COLLECTED MATERIAL
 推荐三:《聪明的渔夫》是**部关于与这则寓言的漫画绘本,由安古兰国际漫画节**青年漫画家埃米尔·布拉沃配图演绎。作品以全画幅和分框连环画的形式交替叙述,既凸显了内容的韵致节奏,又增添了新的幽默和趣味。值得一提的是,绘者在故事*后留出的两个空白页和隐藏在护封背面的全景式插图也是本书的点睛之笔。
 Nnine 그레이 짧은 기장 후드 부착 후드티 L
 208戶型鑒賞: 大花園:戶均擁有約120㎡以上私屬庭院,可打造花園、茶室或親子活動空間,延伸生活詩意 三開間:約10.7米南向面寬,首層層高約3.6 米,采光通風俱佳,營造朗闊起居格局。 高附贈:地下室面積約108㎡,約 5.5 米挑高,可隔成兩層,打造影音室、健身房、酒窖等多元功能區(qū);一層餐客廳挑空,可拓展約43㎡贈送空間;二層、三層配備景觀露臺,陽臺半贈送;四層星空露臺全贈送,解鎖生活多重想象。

WHAT YOU NEED TO DO
Would you restate the material word for word, leaving nothing out?

EXERCISE OUTPUT
 推荐三:《聪明的渔夫》是**部关于与这则寓言的漫画绘本,由安古兰国际漫画节**青年漫画家埃米尔·布拉沃配图演绎。作品以全画幅和分框连环画的形式交替叙述,既凸显了内容的韵致节奏,又增添了新的幽默和趣味。值得一提的是,绘者在故事*后留出的两个空白页和隐藏在护封背面的全景式插图也是本书的点睛之笔。
 Nnine 그레이 짧은 기장 후드 부착 후드티 L
 208戶型鑒賞: 大花園:戶均擁有約120㎡以上私屬庭院,可打造花園、茶室或親子活動空間,延伸生活詩意 三開間:約10.7米南向面寬,首層層高約3.6 米,采光通風俱佳,營造朗闊起居格局。 高附贈:地下室面積約108㎡,約 5.5 米挑高,可隔成兩層,打造影音室、健身房、酒窖等多元功能區(qū);一層餐客廳挑空,可拓展約43㎡贈送空間;二層、三層配備景觀露臺,陽臺半贈送;四層星空露臺全贈送,解鎖生活多重想象。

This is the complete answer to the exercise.